Two people with different opinions can have an effective discussion if they listen to each other and speak in a way that will make them likely to be listened to. Here is an effective way to transition to your own point of view:
“Yes, though I see it differently.”
“Yes” shows that you have heard what the other person said. Of course it’s important to actually listen to the other person. “Yes” can be expanded to express what you understand the other person’s viewpoint to be.
For example, “Yes, I see that you think I criticized you.”
“Yes, I understand that you are really angry.”
“Yes, I recognize that she yelled at you.”
Tone of voice is key. A tone of condescension will cause the other person to bristle. A tone of hostility will cause the other to become defensive. A tone of weakness or victimhood will trigger the bully in the other person.

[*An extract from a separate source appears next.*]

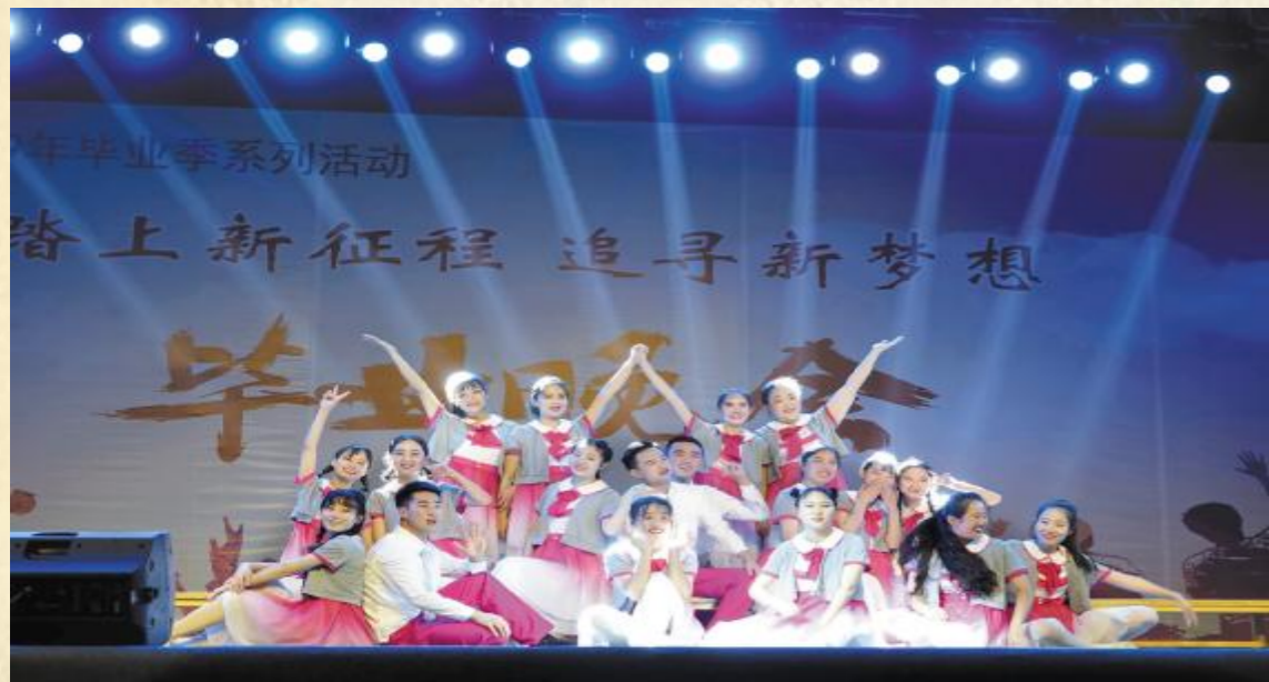
面向未来 笑靥如花

So your tone should express self confidence as well as respect for the other.
“Though I see it differently”
Stating that you see things differently is quite different from saying one of the following:
“No, you don’t understand.”
It’s hard for the other person to argue against you simply because you “see things differently.” By approaching a difficult conversation in this way, you can politely and calmly introduce other considerations.

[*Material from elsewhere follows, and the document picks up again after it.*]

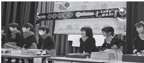
▲年中児による「太鼓の達人」
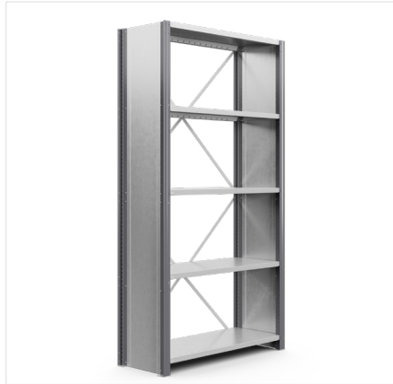
Runko, suljettu Korkeus: 2000 mm, 2500 mm, 3000 mm Syvyys: 300–600 mm

When you express your opinion, use terms such as “I believe,” “I think,” “My experience is,” “I have noticed,” “I want,” or “I need.”

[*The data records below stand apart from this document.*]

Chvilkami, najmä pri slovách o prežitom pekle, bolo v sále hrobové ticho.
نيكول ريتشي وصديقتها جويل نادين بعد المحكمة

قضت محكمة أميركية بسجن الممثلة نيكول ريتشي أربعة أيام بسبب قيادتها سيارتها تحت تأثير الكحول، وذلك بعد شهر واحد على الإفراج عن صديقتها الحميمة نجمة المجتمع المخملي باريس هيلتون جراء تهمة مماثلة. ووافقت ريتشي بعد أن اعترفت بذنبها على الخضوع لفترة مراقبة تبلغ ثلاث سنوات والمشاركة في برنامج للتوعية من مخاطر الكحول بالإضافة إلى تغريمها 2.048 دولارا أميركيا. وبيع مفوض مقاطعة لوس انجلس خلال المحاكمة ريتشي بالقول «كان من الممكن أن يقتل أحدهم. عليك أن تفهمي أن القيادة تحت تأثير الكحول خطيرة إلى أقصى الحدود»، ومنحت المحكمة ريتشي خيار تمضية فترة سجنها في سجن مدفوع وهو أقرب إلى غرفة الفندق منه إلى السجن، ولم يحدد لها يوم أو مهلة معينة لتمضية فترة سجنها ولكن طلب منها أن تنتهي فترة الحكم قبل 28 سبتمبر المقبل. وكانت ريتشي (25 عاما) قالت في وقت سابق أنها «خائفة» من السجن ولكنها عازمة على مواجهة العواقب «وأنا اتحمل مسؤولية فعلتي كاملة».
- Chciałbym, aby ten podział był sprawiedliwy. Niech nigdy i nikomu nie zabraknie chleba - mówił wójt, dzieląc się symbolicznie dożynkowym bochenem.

For example, “I believe her anger comes from fear and not knowing how to communicate effectively. So I want to give her a chance.”
“To me, time alone is re-energizing; it’s not about being away from you. I simply need to recharge.”
“I really value compromise. I want to figure out a way to satisfy both of us as best as possible.”
Most discussions involve viewpoints rather than facts. So it’s best to avoid assuming a false dichotomy where only one person is right and the other is wrong. Others are more likely to really listen to you when you use words and body language that show respect and understanding for different points of view.